Feb. 17th: a great day today!

The first page from my A6 pad shows some Hare pics carried over from yesterday.  But the main image, a superb view of an Otter along Spring Walk at c. 08.55.  Very elusive animals to keep track of.  Amazing how you could chart its progress by the gradual stream of bubbles of exhaled air in its wake.  I tailed it all the way past a weir and lost it as it sped off through some arches of a sluice.  Last year there was a dead Mute Swan washed up in an area of slack water just upstream of here.  Otters were seen feeding on this corpse on a couple of occasions, although I only managed to see rats enjoying the feast! 
It's hard to imagine that they are on every major river in England now, that's how much Britain's water quality has improved over the past 30 years.

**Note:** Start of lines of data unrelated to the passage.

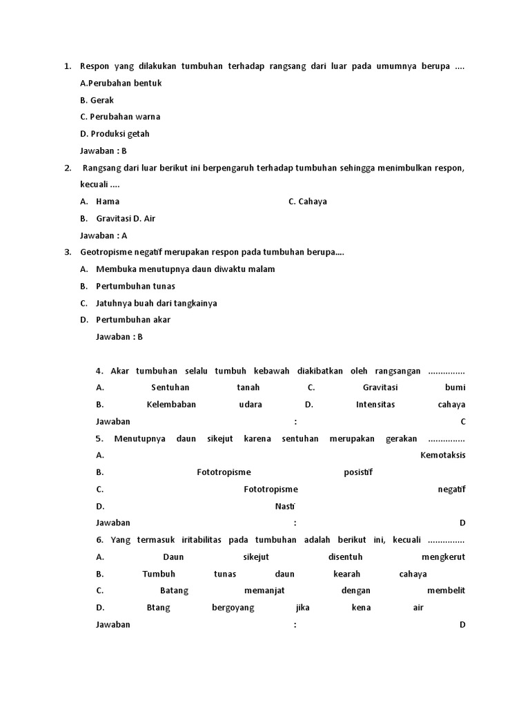 Soal Fotosintesis Dan Gerak Pada Tumbuhan K8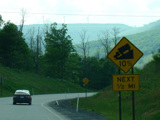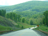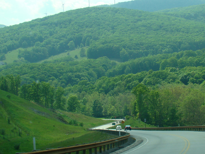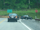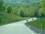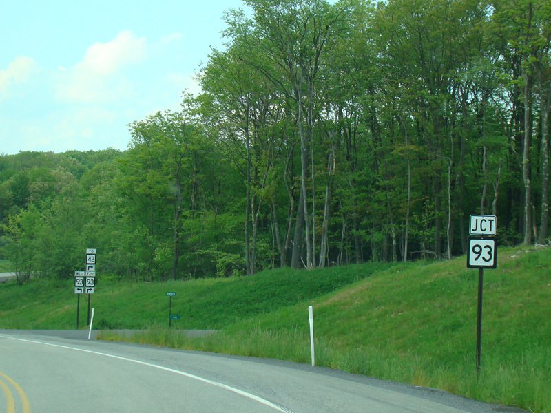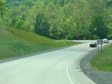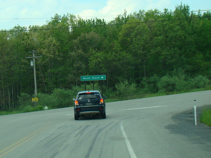 The turnoff for Laurel Dale Road (WV 93) leads to this roadway, which extends about half a mile down the mountain at a very steep grade to end at a stop sign. Turn right to go east or left to go west.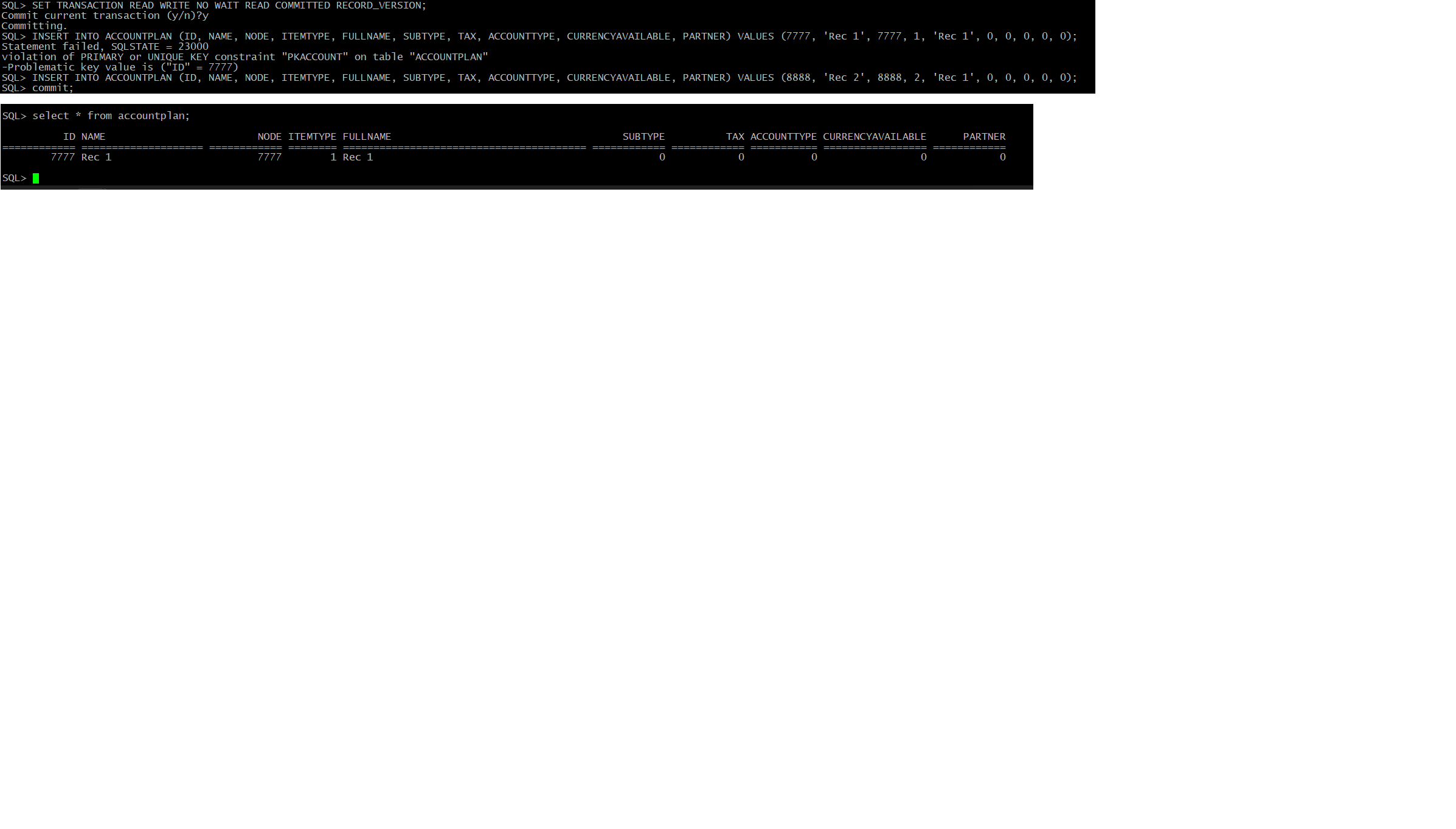 Orso писал(а) Tue, 23 May 2023 14:42А выше ничего нет, кроме ввода имени пользователя и пароля, после сразу пишу select с дефолтным уровнем изоляции, насколько я понимаю для isql уровень изоляции по-умолчанию - SNAPSHOT

Just after 11am news came through that the Slaty-backed Gull found by Dominic Mitchell back in January had re-appeared at Rainham Marshes RSPB again today for its second day.  Yesterday I just wasn't in the mood for thinking about it, feeling so low after the misery of the previous day's dip on the dove in Oxon.  Anyway today was a new day and was already off to a great start with the Otter.  I'm not really a gambling man, so it was with enormous trepidation that I set off at lunchtime with my colleague John Marchant on a mission to try and nail the gull before it decided to move off.  I was extremely sceptical that we might score - I've been here many times before.  John had the good sense not to park at the RSPB car park (saving a 30 minute walk), but to drive direct to the last car park on Coldharbour Lane, overlooking the Thames.  From here it was a mere 5 minute sprint to the place people were looking from.  Even so we were passing returning birders saying 'it's still there'; how many times have I heard that before and the bird flies off seconds before you arrive?  Well, this time it didn't fly, and we were able to enjoy superb scope views of it.  What a bird!  A couple of shades paler than all the adjacent graellsii Lesser Black-backs, but darker than nearby argentatus Herring Gulls.  It has a very obvious extremely broad white trailing edge to the secondaries, obvious on the ground as well as in flight.  At one point it was immediately adjacent to an adult Caspian Gull.  Structurally the Slaty-backed was bulkier than a Herring/LBB and with a curiously domed head, broader-based and stubbier bill.  It also appeared very long-legged relatively, too.  On one occasion it took off with a hundred or so large gulls, and I failed to get onto it; thankfully it wheeled around and landed again back on Wennington Marshes, although I couldn't work out from people's imprecise directions.  So I quickly scanned back through the flock (some 600 or so birds) and incredibly picked it out in less than 30 seconds!  After enjoying satisfactory views for 45 minutes, the bird eventually took flight with other large gulls, and headed out east along the Thames estuary.  In flight I couldn't work out the precise pattern of black in the wingtip, although the 'string of pearls' effect was noticeable on the underside of the wings.

It was not seen for the remainder of the day, and perhaps joined an enormous roost of several thosand other gulls on the south shore of the Thames, just west of the M25 bridge crossing.  Who knows what it will do next?  Maybe it will be back tomorrow to delight more larid-disciples, or maybe it will continue its nomadic path around the tips of the South-East?...

These sketches were all done in pencil in my A5 pad.